Records contained in a dataset
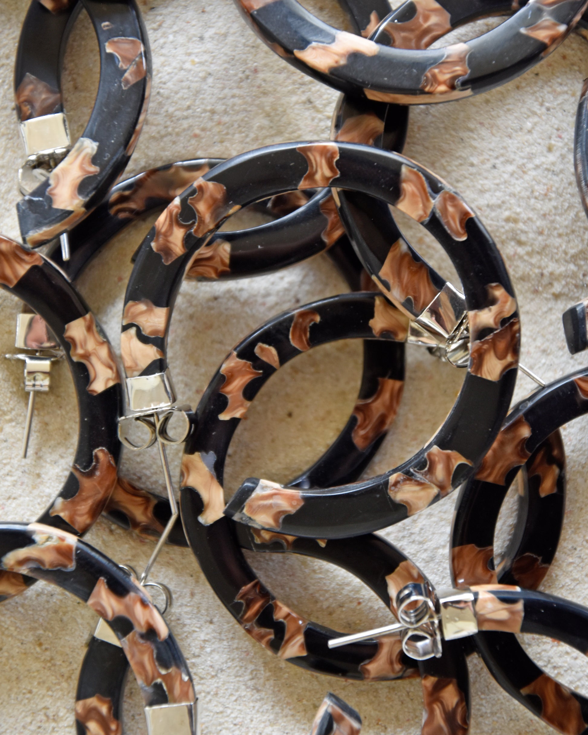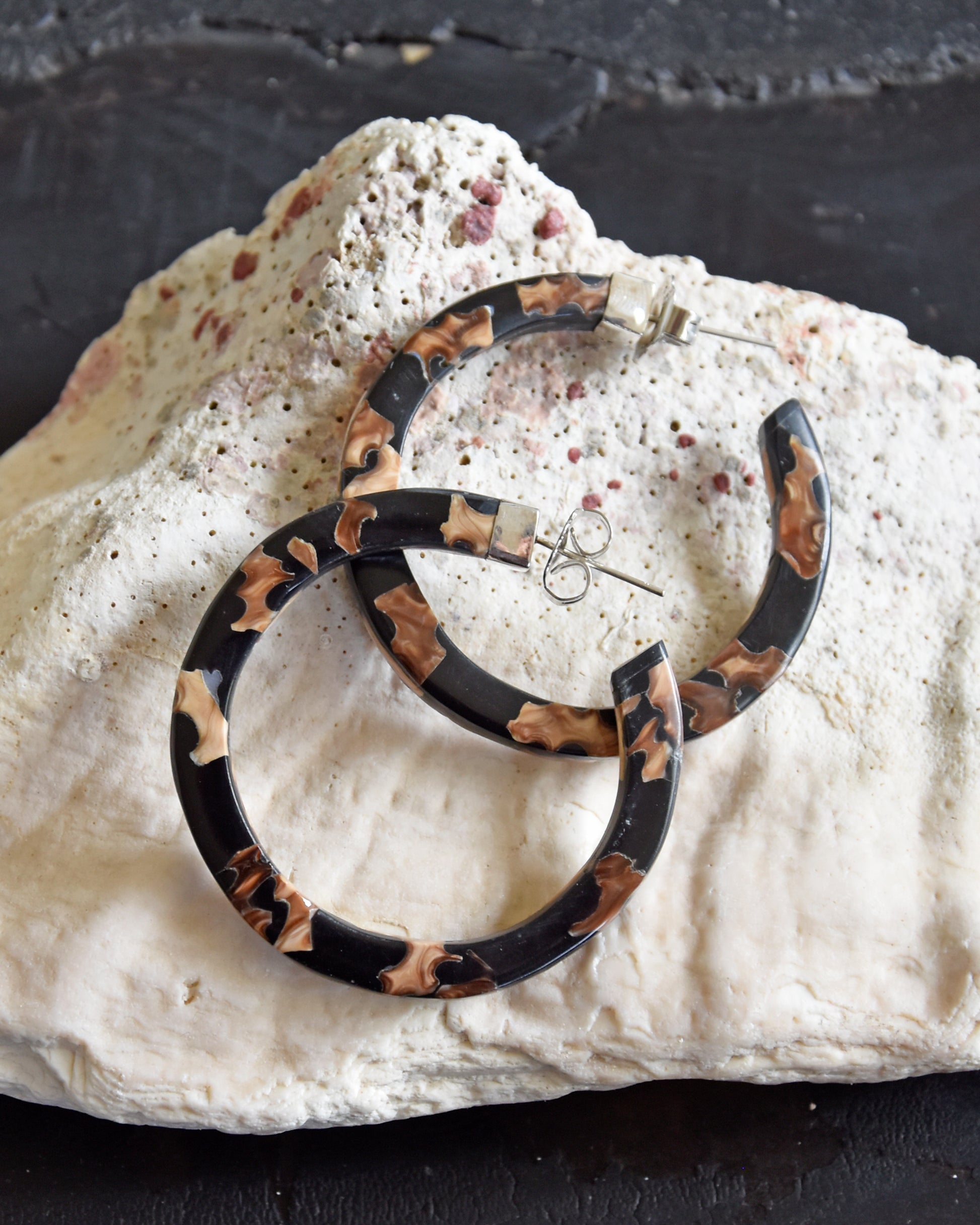 Preciosas y originales argollas de conchas negra y resina trabajado a mano con Plata 925. Tonos camel y negros que combinan con todo.
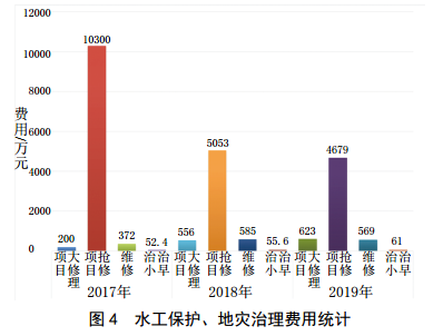 針對地質(zhì)災害數量多、成災頻繁等特點(diǎn),以專(zhuān)業(yè)排查、日常巡查為地災防治的常態(tài)化有效識別機制,對排查、巡查出的地災隱患點(diǎn),開(kāi)展治早治小、工程治理、專(zhuān)業(yè)監測、應急搶險等針對性處置。在汛期由專(zhuān)業(yè)地質(zhì)人員進(jìn)駐管道沿線(xiàn),參與日常巡查,對發(fā)現的地災隱患及時(shí)分析其穩定性、危險性,同時(shí)提出處置措施。據2017年—2019年分公司三年水工保護、地災治理費用統計分析(圖 4),可以看出:
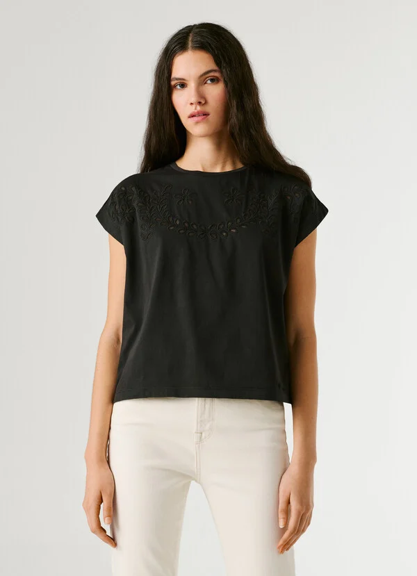 - Ελαφρύ βαμβακερό μπλουζάκι ζέρσεϊκοντά μανίκια.
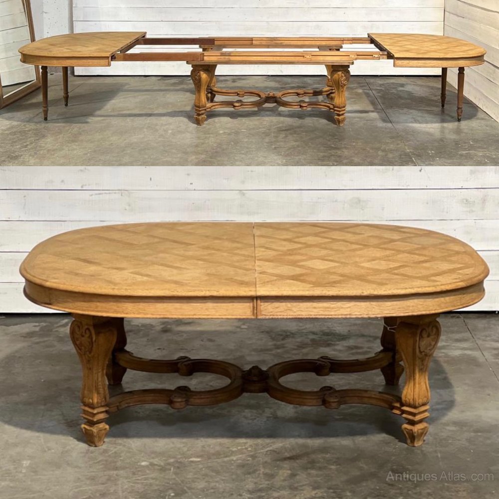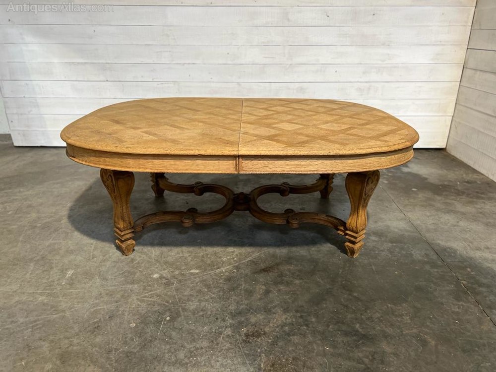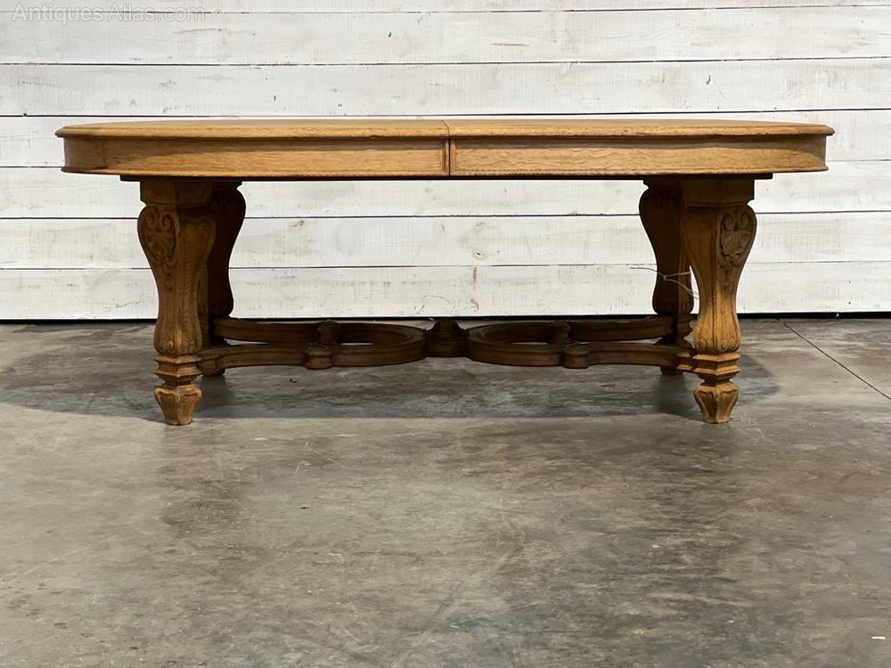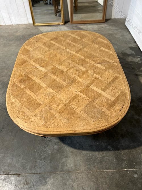 A fabulous Large French Dining Table. Made from Oak and dating to the 19th Century. Superb Quality heavy construction and it will take extra boards to extend it if you required. We have bleached it for a lighter look.
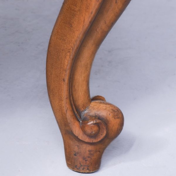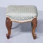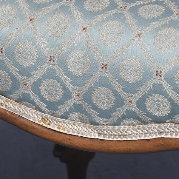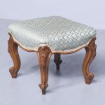 Circa 1870. Quality mid-Victorian walnut cabriole stool. The deep upholstered top in a classical style upholstery in excellent condition over a beaded seat rail and supported on cabriole legs with foliate carved knees and scroll toes. In perfect condition.
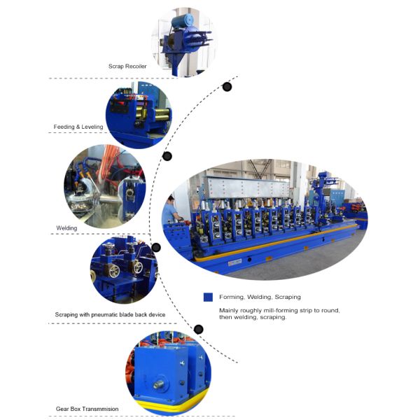 Steel coil→→ Double-head uncoiler →→Strip-head Cutter and welder→→Spiral Accumulator→→Forming section(Flattening unit +Main driving unit +Forming unit +Guide unit +High frequency induction welding unit +squeeze roller)+ Deburr frame →→Cooling unit →→ Sizing unit and straightener →→Flying saw under computer-control →→ Run-out table
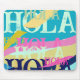 Texto Hola repetido numa paleta colorida de azul, amarelo, rosa, turquesa e verde.
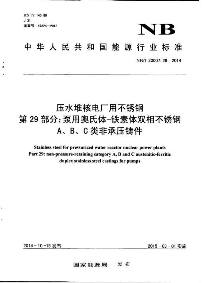标准名称:压水堆核电厂用不锈钢 第29部分:泵用奥氏体-铁素体双相不锈钢A、B、C类非承压铸件
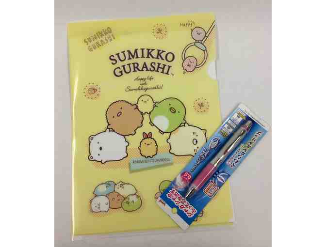 Up for bid is a plastic sleeve to hold papers, decorated with characters from Sumikko Gurashi (Tonkatsu, Shirokumma, Peng, etc.) + a Mitsubishi Shaker Mechanical Pencil with pink gel grip.

- _PROBLEM DETAILS_
What is needed is an exact copy of each line from the top of the data above through the line containing "A fabulous Large", with no pictures.

- _SOLUTION FOR THIS PROBLEM_
 Preciosas y originales argollas de conchas negra y resina trabajado a mano con Plata 925. Tonos camel y negros que combinan con todo.
 針對地質(zhì)災害數量多、成災頻繁等特點(diǎn),以專(zhuān)業(yè)排查、日常巡查為地災防治的常態(tài)化有效識別機制,對排查、巡查出的地災隱患點(diǎn),開(kāi)展治早治小、工程治理、專(zhuān)業(yè)監測、應急搶險等針對性處置。在汛期由專(zhuān)業(yè)地質(zhì)人員進(jìn)駐管道沿線(xiàn),參與日常巡查,對發(fā)現的地災隱患及時(shí)分析其穩定性、危險性,同時(shí)提出處置措施。據2017年—2019年分公司三年水工保護、地災治理費用統計分析(圖 4),可以看出:
 - Ελαφρύ βαμβακερό μπλουζάκι ζέρσεϊκοντά μανίκια.
 A fabulous Large French Dining Table. Made from Oak and dating to the 19th Century. Superb Quality heavy construction and it will take extra boards to extend it if you required. We have bleached it for a lighter look.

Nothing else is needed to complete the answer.